Since k-SAT (the general case) reduces to 3-SAT, and 3-SAT can be proven to be NP-complete, it can be used to prove that other problems are also NP-complete. This is done by showing how a solution to another problem could be used to solve 3-SAT.

(source: Wikipedia)

The idea of Brejova et al. to solve the SAT problem, is to split it into two distinct subproblems. A fundamental assumption for solving SAT is that the variables in the clauses are always the same, i.e. variable x1 in clause 1 has the same truth assignment as variable x1 in clause 2. Brejova et al. sacrifice this assumption for a simpler algorithm. In this way the first subproblem is to find truth assignments that satisfies the given formula where the variables for each clause are completely independent. Given a formula with n variables and m clauses one now has not only to check 2^n possible truth assignments but 2^(n*m). This subproblem is solved by the SAT algebra within the ADP program. The second subproblem becomes necessary to assure that only such answers, found in subproblem one, are valid that first satisfy the formula and second have equal truth assignments for each variable in all clauses. The second aspect is the tasks of the EQA algebra.

A given formula with three variables and two clauses in CNF could be: (x1 OR x2) AND (NOT(x2) OR x3). For the classical way exist 2^3 = 8 different truth assignments that maybe satisfy the formula. In Brejovas variant there are 2^(2*3) = 64 truth assignments that have to be checked. The SAT algebra would find 36 satisfying answers, but many of these have contradicting assignments for e.g. x2. The EQA algebra filters all 8 answers out of the overall 64 answers, where x1, x2 and x3 have the same value for each clause.
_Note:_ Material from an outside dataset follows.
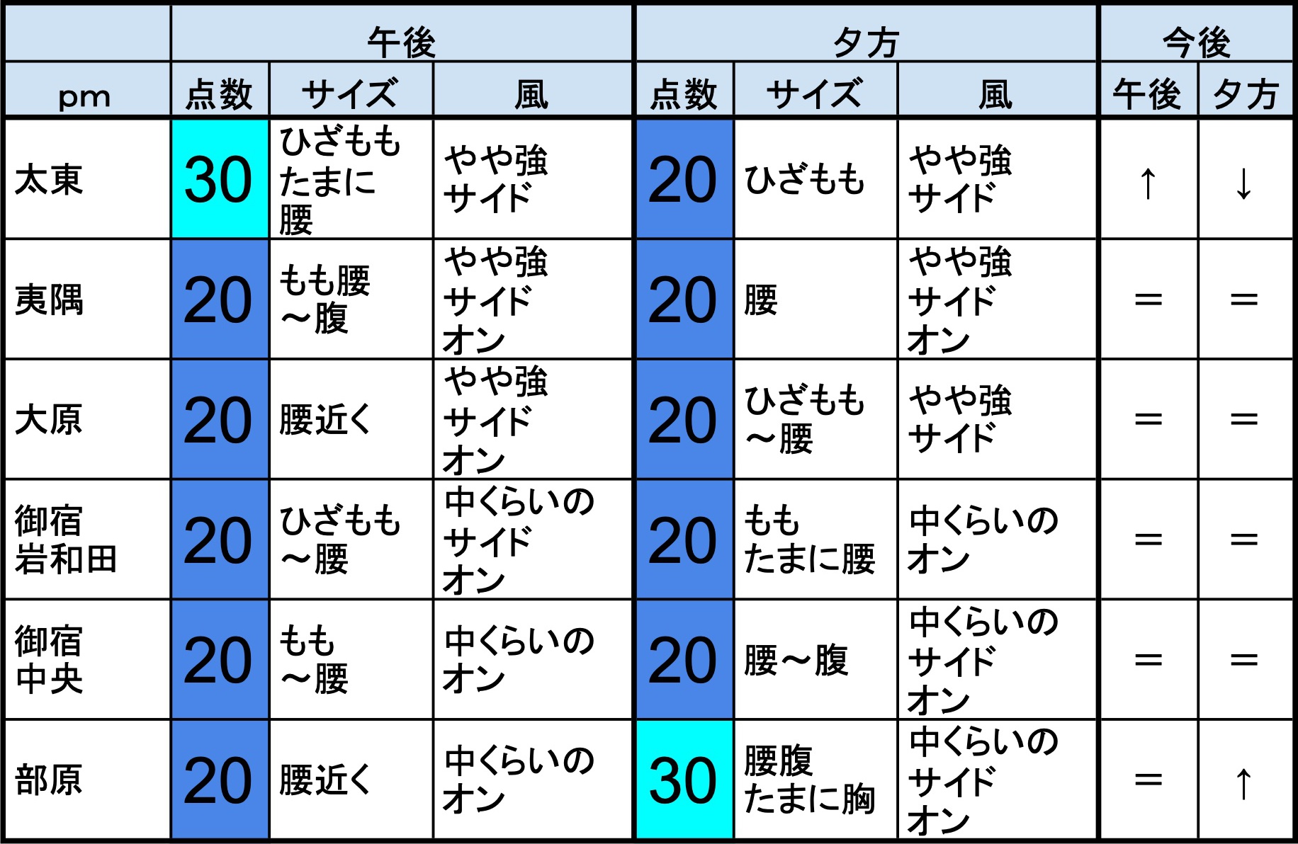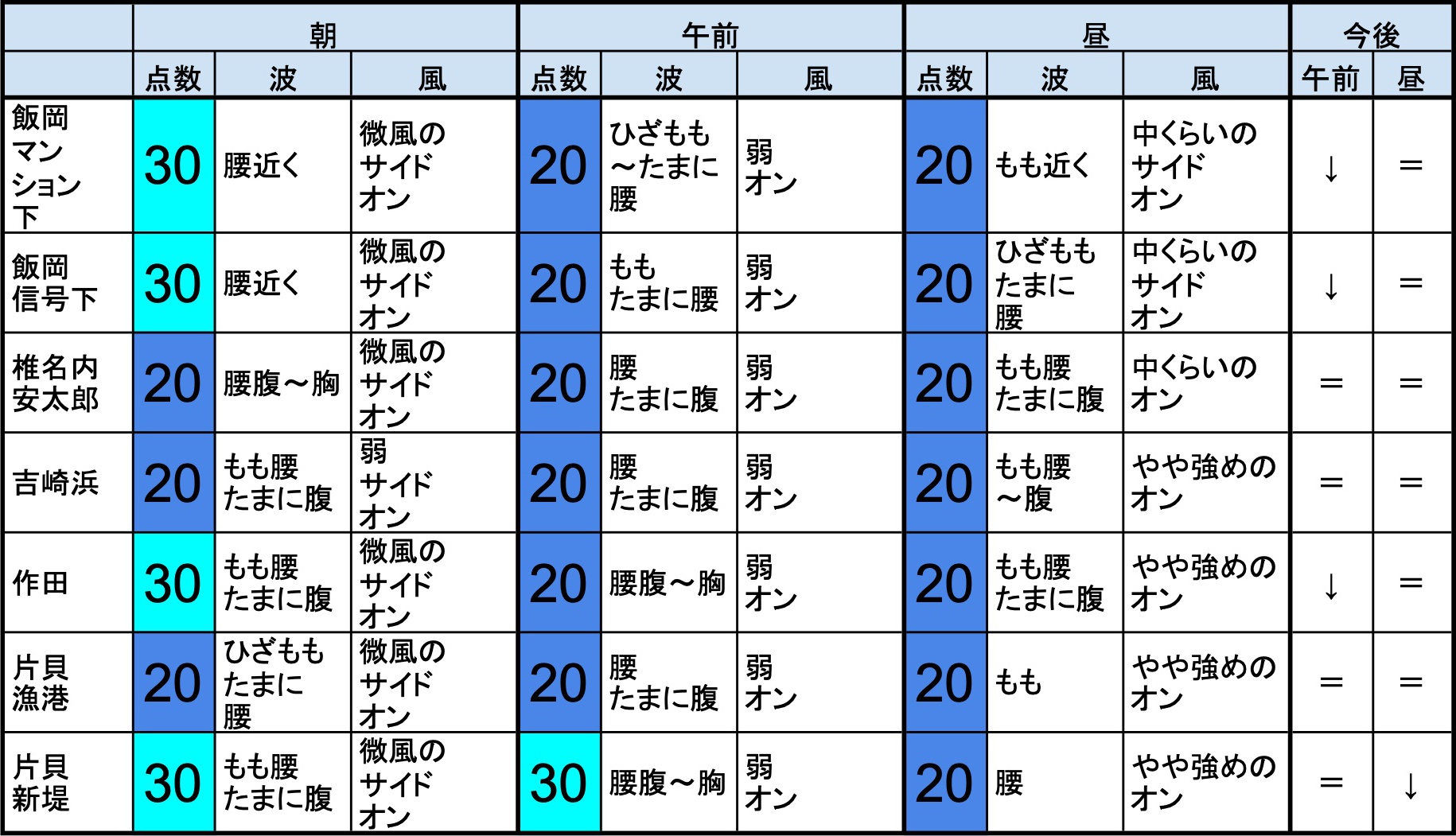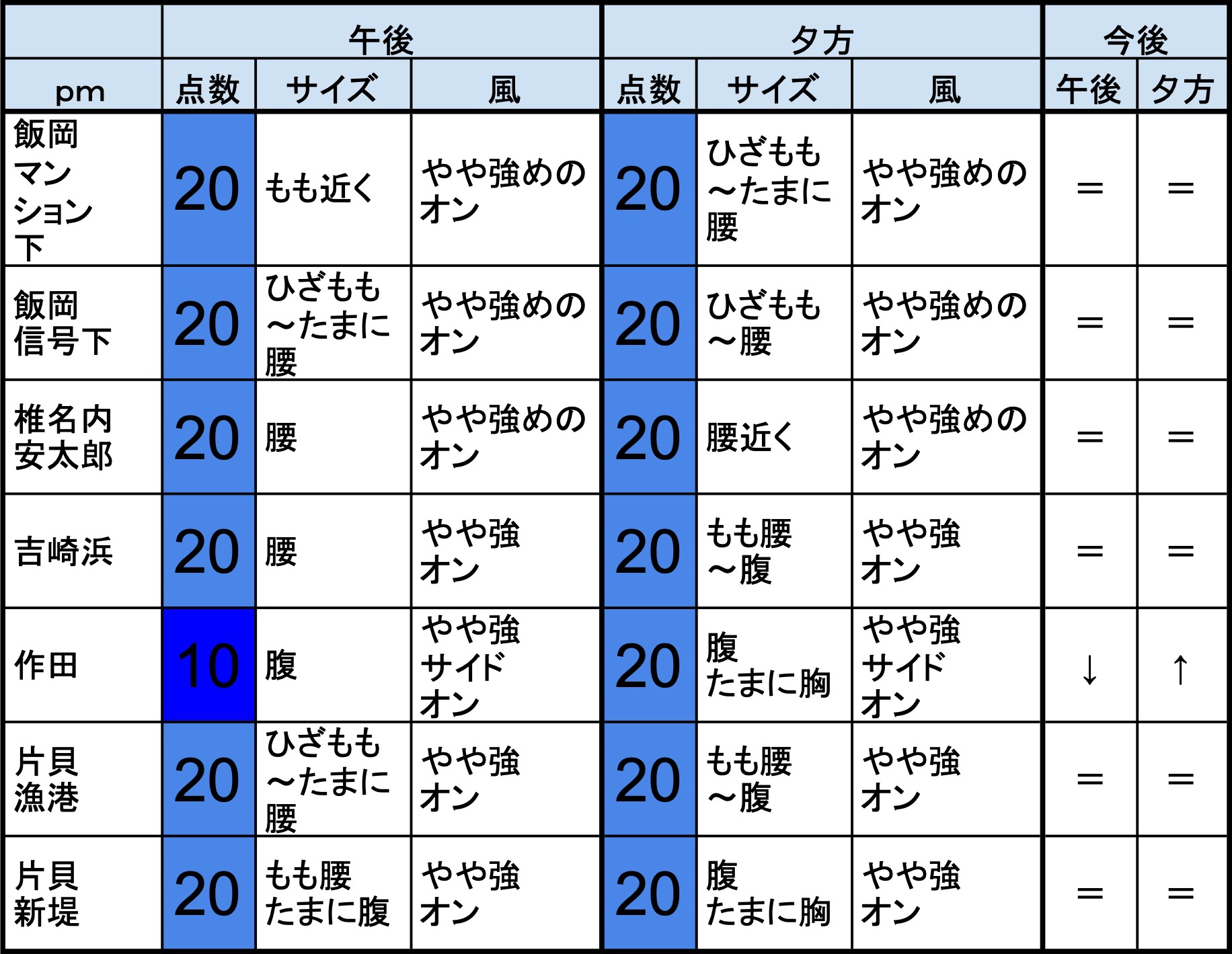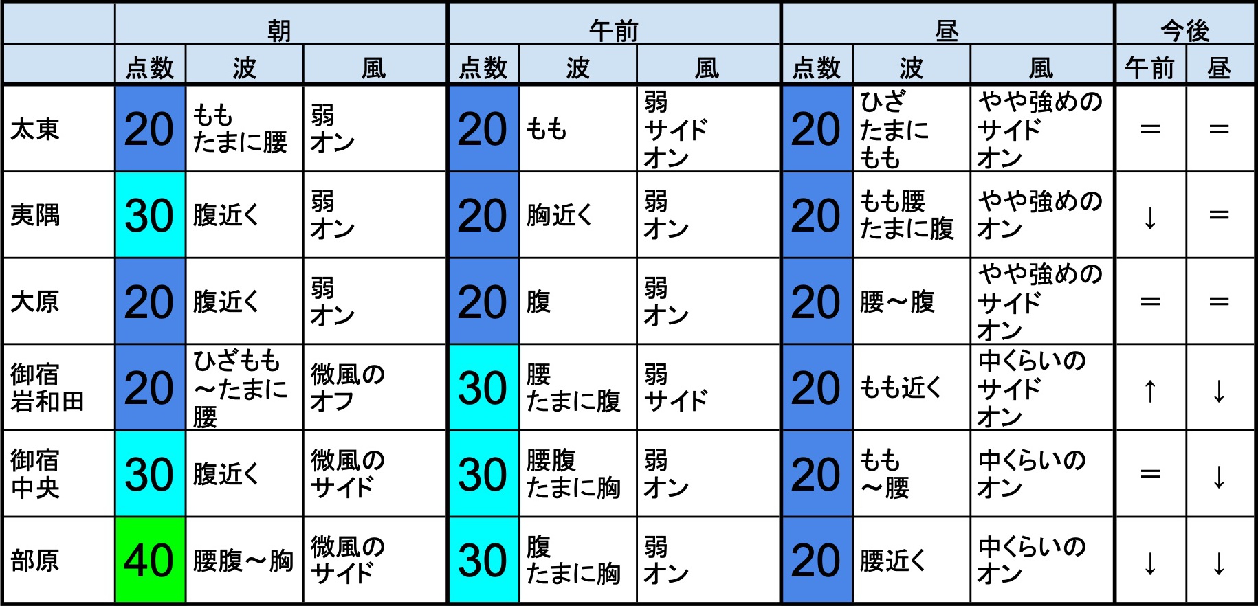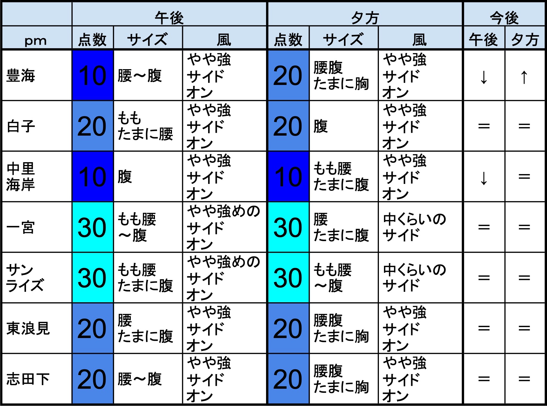 ・早めなら、部原、飯岡マンション下、飯岡信号下、作田、片貝新堤、豊海、一宮、サンライズ、東浪見、志田下、夷隅、御宿中央、あたり、後半なら、一宮、サンライズ、あたりが狙い目でしょうか。-“

That are exactly those 8 possible truth assignments from the classical way. The combination of both algebras can solve the SAT problem: (sat *** eqa).

To calculate the example formula with ADP one has to encode it to a machine readable code. A "formula" consists of one or more "clauses", that must be separated by a '&' character. One clause is composed of one ore more "literals" in direct concatenation. A literal could either be positive 'P', negative 'N' or missing '-'. The first clause from the example has two positive literals followed by a missing one. So its representation is "PP-". The second clause is "-NP" and the complete encoded formula is "PP-&-NP".